Истории и теории одного Пигмалиона

Все же надо рассказать эту историю, чтобы прогнать, наконец, из головы эти странные, невероятные слова и мысли, которые как собаки то и дело лают или грызут мой мозг. Пусть они исчезнут, разлетятся к черту, растают в воздухе, пусть грызут чужие, более крепкие мозги! Говорят, чтобы навсегда избавиться от неприятных дум, надо с кем-нибудь поделиться своей ношей. У меня же совсем другой случай — я должен достоверно передать поведанные мне истории, а тут все, даже само течение времени, смешалось, и теперь трудно понять, что было три тысячи лет назад, а что третьего дня.

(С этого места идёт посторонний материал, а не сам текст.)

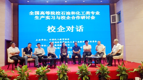 会议举行了“院校、企业共话构建大学生生产实习与校企共赢的合作模式”校企对话。对话由中国化工教育协会会长郝长江主持,对话嘉宾分别是湖南化工职业技术学院校长王雄伟、奥克集团股份公司董事长朱建民、秦皇岛博赫科技开发有限公司总经理李国友、浙江工业大学副校长李小年、中石化北京燕山分公司教育培训中心主任谢景山、北京东方仿真软件技术有限公司总经理许重华、天津渤?;ぜ沤逃嘌抵行母敝魅窝钣澜艿?。对话就大学生生产实习的重要性及面临的问题、高等学校大学生生产实习的经验进行了充分交流。

В конце концов, передо мной вся жизнь, я должен вернуть себе душевное равновесие, работать и жить так, как я хочу и разумею. Да и моему умалишенному старику, по-видимому, только того и надо было — он, словно карася, поймал меня на удочку, набил, как пустой мешок, своими фантазиями, ничуть не заботясь о том, каково мне все это носить. Иначе зачем бы ему исповедоваться перед незнакомым человеком, к чему эти записки кораблекрушенца, которые он так доверительно мне оставил и чей смысл и по сей день мне далеко не ясен?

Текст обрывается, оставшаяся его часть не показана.